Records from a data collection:
+++
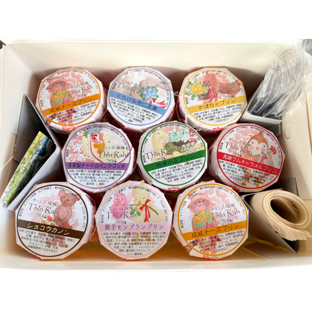 成城チーズプリン×2、とろける杏仁豆腐×1、かぼちゃプリン×1、自家製チャイのパンナコッタ×1、抹茶小豆プリン×1、黒糖ラムキャラメルプリン×1、ショコラカノン×1、紫芋モンブランプリン×1 計9個
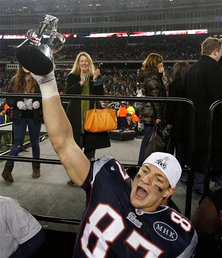 Rob Gronkowski sostiene el trofeo de la AFC. FOTO: AP
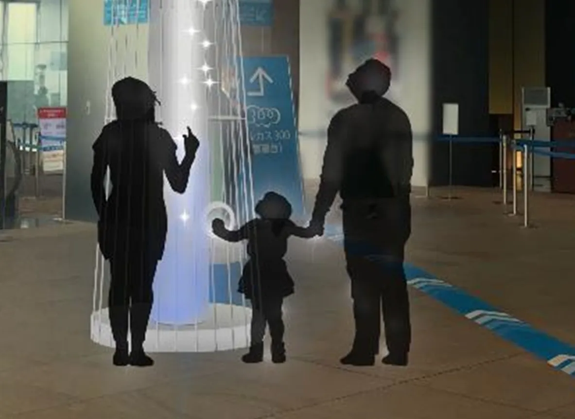 中央の高さ約10mの巨大な光の柱は、手をかざすと、お客さまの想いや願いが天空に届くように、光が下から上へと流れる体験型イルミネーションです。新型コロナウイルス感染拡大防止の観点から、非接触で光の動きをお楽しみいただけます。
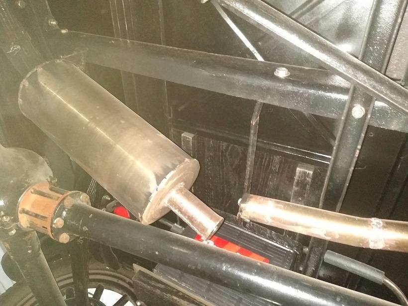 Maybe eight years ago I decided on stainless steel exhaust but they did not exist that I know of, nor was my request for measurements met. So I built my own. It is what it is. I could have ordered a correct muffler to remove one problem in exchange for the problem of rust. No, have never used a clamp on the muffler and thus the reason it fell apart on the shakedown, first ride on the road. I used up all my bailing wire and couldn't find any in the garage. There is an A-Z within a mile so I shopped there. Even though I have an exhaust hanger, I still like the bailing wire idea better and got some 14ga galvanized wire and wrapped it up. I see the battery support but did not want to put any dent in the pipes at the connection point over time that it could continue to move freely as it always has. So, I used the running board bracket instead.
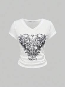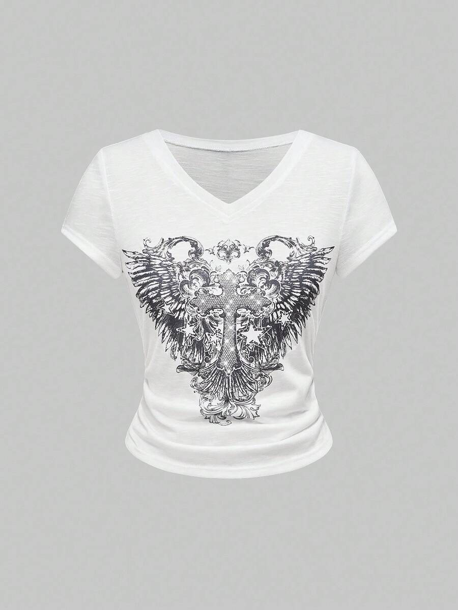 Fairycore Camiseta de manga corta con estampado de cruz y alas, de moda callejera para mujer, de verano
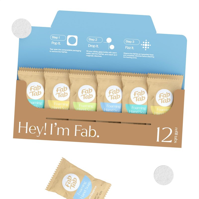 FABTAB Foaming Hand Soap Refill - Natural Hand Soap - Bathroom Hand Wash - Plant-Based - No Harsh Chemicals - Variety Scents - 12 Pack. Makes 12 x 11.9 fl oz (Bottle Not Included)
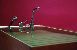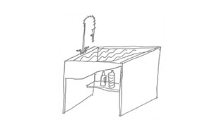 design of a furniture that can be moved around and serves different domestic uses: shower, sink, cooking, rack
+++
- [Exercise directions]: Find the line with "Maybe eight years" in the data above, and from there retype each line exactly through the line with "FABTAB Foaming Hand", skipping the pictures along the way.

- [Task result]:
 Maybe eight years ago I decided on stainless steel exhaust but they did not exist that I know of, nor was my request for measurements met. So I built my own. It is what it is. I could have ordered a correct muffler to remove one problem in exchange for the problem of rust. No, have never used a clamp on the muffler and thus the reason it fell apart on the shakedown, first ride on the road. I used up all my bailing wire and couldn't find any in the garage. There is an A-Z within a mile so I shopped there. Even though I have an exhaust hanger, I still like the bailing wire idea better and got some 14ga galvanized wire and wrapped it up. I see the battery support but did not want to put any dent in the pipes at the connection point over time that it could continue to move freely as it always has. So, I used the running board bracket instead.
 Fairycore Camiseta de manga corta con estampado de cruz y alas, de moda callejera para mujer, de verano
 FABTAB Foaming Hand Soap Refill - Natural Hand Soap - Bathroom Hand Wash - Plant-Based - No Harsh Chemicals - Variety Scents - 12 Pack. Makes 12 x 11.9 fl oz (Bottle Not Included)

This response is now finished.